The Secretary of State for Health and Social Care in the UK, the Rt Hon Matt Hancock MP, has announced plans for the NHS to sequence 5 million genomes over an unprecedented 5 year period. Moreover, the 100,000 Genomes Project, which is run by Genomics England (GeL), is to be expanded to incorporate the whole genome sequencing of 1 million patients. The announcement, which was made yesterday as part of the Secretary’s speech to the Conservative Party Conference, comes shortly after GeL revealed that more than 80,000 genomes have been sequenced as part of the project.

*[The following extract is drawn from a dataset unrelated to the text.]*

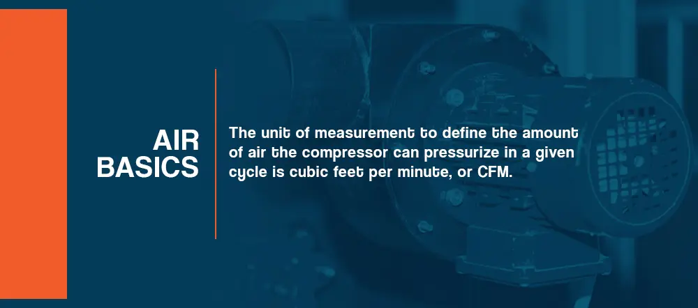 The unit of measurement to define the amount of air the compressor can pressurize in a given cycle is cubic feet per minute, or CFM. This metric is critical in determining how to size a rotary compressor, and whether a given air compressor has the capacity for your tools and applications. There are three ways to define CFM.

“I’m proud to announce we are expanding our 100,000 Genomes Project so that one million whole genomes will now be sequenced by the NHS and the UK Biobank,” Secretary Hancock said.

The Rt Hon Matt Hancock MP, Secretary of State for Health and Social Care in the UK.

“I’m incredibly excited about the potential for this type of technology to improve the diagnosis and treatment for patients to help people live longer, healthier lives – a vital part of our long-term plan for the NHS.”

The announcement also stated that from 2019 onwards, the NHS will be offering whole genome sequencing and analysis for all critically ill children with a suspected genetic condition, including cancers. The same testing is also to be offered to any adults with certain rare diseases or hard-to-treat cancers.

“Today’s announcement by the Health and Social Care Secretary recognises the pioneering work of Genomics England, NHS England and others,” said Sir John Chisholm, GeL Chair, as part of a statement yesterday. “In just five years, the 100,000 Genomes Project has amassed the world’s largest database of whole genome sequences with associated clinical data. In doing so, we have created the complex infrastructure and proved the concept of genomic medicine at scale in the NHS.”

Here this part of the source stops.